My inbound team comes at midnight unload 12:30 to 5, then they do the secondary sort which is 3 and 4 stock zone as well as cosmetics . 5 team member one unloader . One does 3s and 4 as well as pushing it one does cosmetics . One team member does 141 for toys, sprt , sea, mini and small appliances . One team pushes toys one sea. P1 comes in at 2 am line is clear by the time they leave at 10:30. P2 comes at 9-5:30 and they clean and set the line before they leave.
We have doubles and triples no singles for us.


----------



## swordfishtrombon (Oct 11, 2021)

allnew2 said:


> To be honest the animosity should be towards inbound . Looking at your schedule your inbound is unloading until 12:15 meaning that tour gm team especially p1 is gonna roll over since they only have 15 more minutes before they are off.  So your inbound team is not being productive during unload double trucks should take 4-4:30h tops. That would give p1 chance to actually push all their freight. You need to keep in mind they have zone, returns and 141 before trucks. Schedule is off as well if you unload until 12:15 on doubles p1 should come at 6 and not 4am.


Yeah honestly this is the problem we've been running into mostly. We've been rolling so much freight that inbound comes in, pushes whatever p1 rolled as well as the full flats while GM do visuals and pulls so we can even get an unload started. Then unload starts, and we typically don't finish the unload until it's time for inbound to leave since they have to push for the first half of their shift. So flats never come clean. Then since p1 leaves at the same time that inbound does, p1 side always ends up rolling. P2 comes clean-ish other than the repacks that I mentioned. Sometimes I'll utilize my OTC repack person to push some HBA/chem after she gets finished since she's a fast pusher and she's there after unload is done. The only way I can see to actually fix the problem is to come 100% clean on uboats one day so inbound process can actually work how it's supposed to and I don't have to utilize them to push uboats or break GM off routines. 

The other problem we have is our back room is smaller than most and we have less vehicles and a smaller line than most stores. We've tested it on days that we've been 100% clean.
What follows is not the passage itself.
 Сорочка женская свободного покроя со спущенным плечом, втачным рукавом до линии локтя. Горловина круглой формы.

The line fills up at about 900-1000 pieces and the additional uboats we keep to swap out custom blocks fill up at 1500 pieces. So any truck that's larger than 1500 we have to have someone pushing uboats during the unload in order to keep it going. 
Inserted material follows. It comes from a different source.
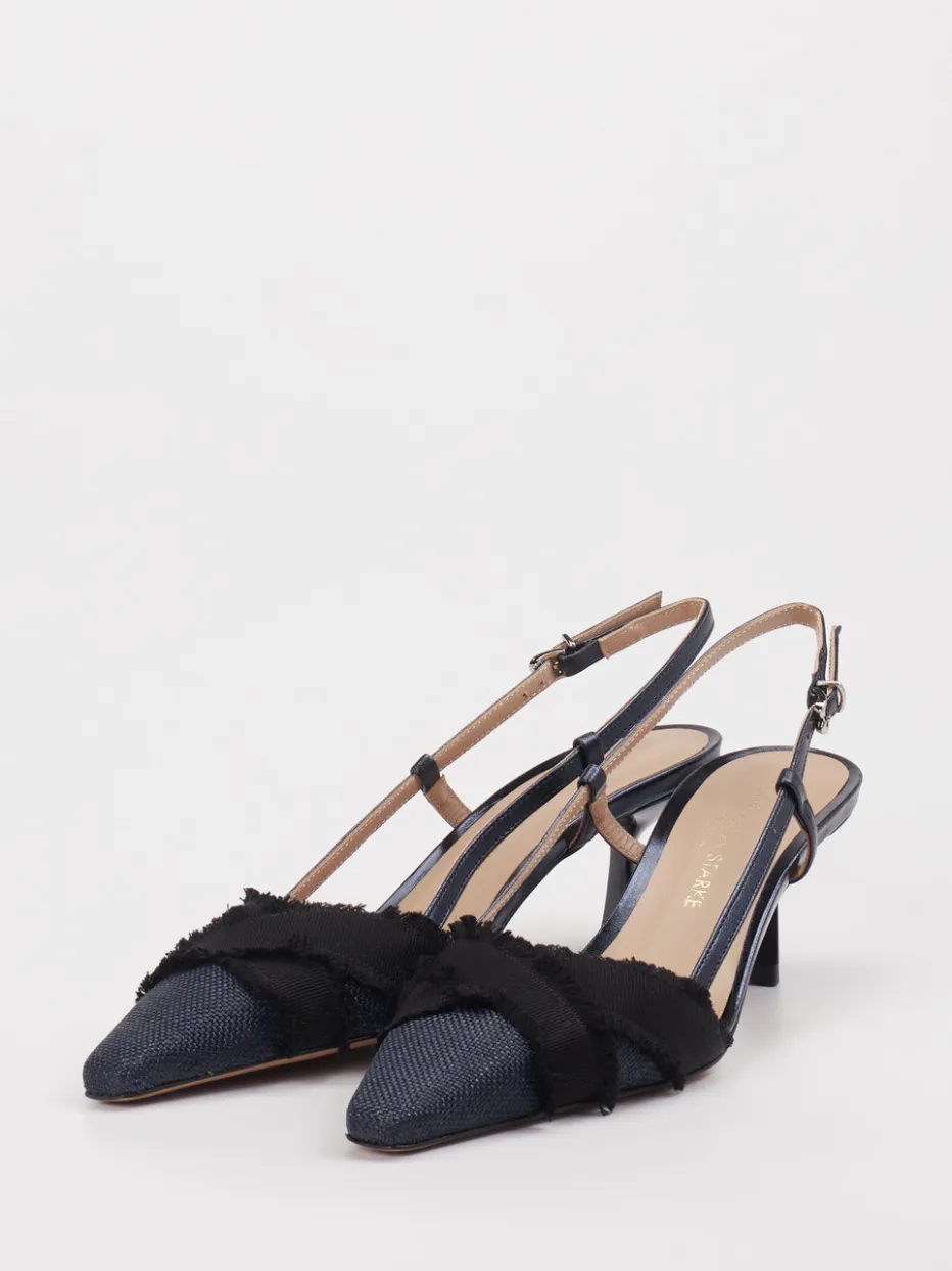 Ideal bei abendlichen Events oder festlichen Anlässen: Das strukturierte Textil in Dunkelblau, kombiniert mit glänzenden Riemen und fransigen Applikationen, verleiht dem Modell einen spannenden Texturmix. Die typisch spitze Form und der filigrane Slingback-Riemen mit Schnalle sorgen für eine elegante Silhouette. Funktional zeigt sich der stabile Kitten Heel mit angenehmer Höhe. Inspiriert von 90er-Jahre-Ästhetik und aktuellen Laufstegtrends, lässt sich der Pumps wunderbar zu Culotte oder Kleid sowie einer Clutch in Schwarz oder Blau kombinieren.

We also (in my opinion) use too many flats on our line. We have flats for paper, 2 for plastics, infant furniture, pillows, sporting goods, furniture, bedding, bath, 2 for housewares, litter, ssz 3 and ssz 17. It's too many flats for inbound to keep up with, they're constantly having to push flats during the unload. And the flats never get pushed by the GM team because in their mind inbound owns the flats. Our inbound TL just redid the custom blocks to use more uboats instead of flats so I think that will help.
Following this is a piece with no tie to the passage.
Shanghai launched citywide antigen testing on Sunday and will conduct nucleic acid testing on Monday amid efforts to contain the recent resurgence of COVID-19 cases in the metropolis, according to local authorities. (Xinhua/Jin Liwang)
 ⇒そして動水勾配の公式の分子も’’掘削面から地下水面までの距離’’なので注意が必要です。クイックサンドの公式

I keep telling my ETL that I'd rather have more team members on inbound with shorter shifts so I can keep more on the line to make that process more efficient since it wastes a lot of time having one person walk back and forth on one side of the line. Our line is also at a 90 degree angle to the dock we unload from so boxes are constantly falling off/getting caught on the corner of the powered line which means the thrower sometimes has to come out to guide the boxes down the line or the p1 side person has to guide them down. I will sometimes stand at the corner myself just to keep them from having to do that. But she won't do it because they all want 40 hours. My old ETL used to give them split shifts to fix this - after unload they would go to fulfillment or GM. This worked pretty well I think but my new ETL refuses because it's not modernized.


----------



## swordfishtrombon (Oct 11, 2021)

swordfishtrombon said:


> Yeah honestly this is the problem we've been running into mostly. We've been rolling so much freight that inbound comes in, pushes whatever p1 rolled as well as the full flats while GM do visuals and pulls so we can even get an unload started. Then unload starts, and we typically don't finish the unload until it's time for inbound to leave since they have to push for the first half of their shift. So flats never come clean. Then since p1 leaves at the same time that inbound does, p1 side always ends up rolling. P2 comes clean-ish other than the repacks that I mentioned. Sometimes I'll utilize my OTC repack person to push some HBA/chem after she gets finished since she's a fast pusher and she's there after unload is done. The only way I can see to actually fix the problem is to come 100% clean on uboats one day so inbound process can actually work how it's supposed to and I don't have to utilize them to push uboats or break GM off routines.
> 
> The other problem we have is our back room is smaller than most and we have less vehicles and a smaller line than most stores. We've tested it on days that we've been 100% clean. The line fills up at about 900-1000 pieces and the additional uboats we keep to swap out custom blocks fill up at 1500 pieces. So any truck that's larger than 1500 we have to have someone pushing uboats during the unload in order to keep it going.
> 
> ...


Also forgot to mention that our unload times - like the amount of time it takes to actually unload the truck is usually 1.5-2.5 hours depending on the amount of pieces. As a general rule our inbound team can do 1k in 1 hour. But then they have to stop and push uboats because we run out of vehicles.


----------



## swordfishtrombon (Oct 11, 2021)

MrT said:


> 4am- 10 inbound tms so extras push.
> Push first truck
> 6am- DBOs come in help push first truck
> 7am- unload second truck dbos do morning routines
> ...


That's a lot of inbound TMs. How many DBOs do you have on the floor on a given day? How many days a week do you get doubles?


----------



## Hardlinesmaster (Oct 11, 2021)

We have few vets who do the unload of the trucks. New folks are slow to unload or push. It’s rough.


----------



## MrT (Oct 11, 2021)

swordfishtrombon said:


> That's a lot of inbound TMs. How many DBOs do you have on the floor on a given day? How many days a week do you get doubles?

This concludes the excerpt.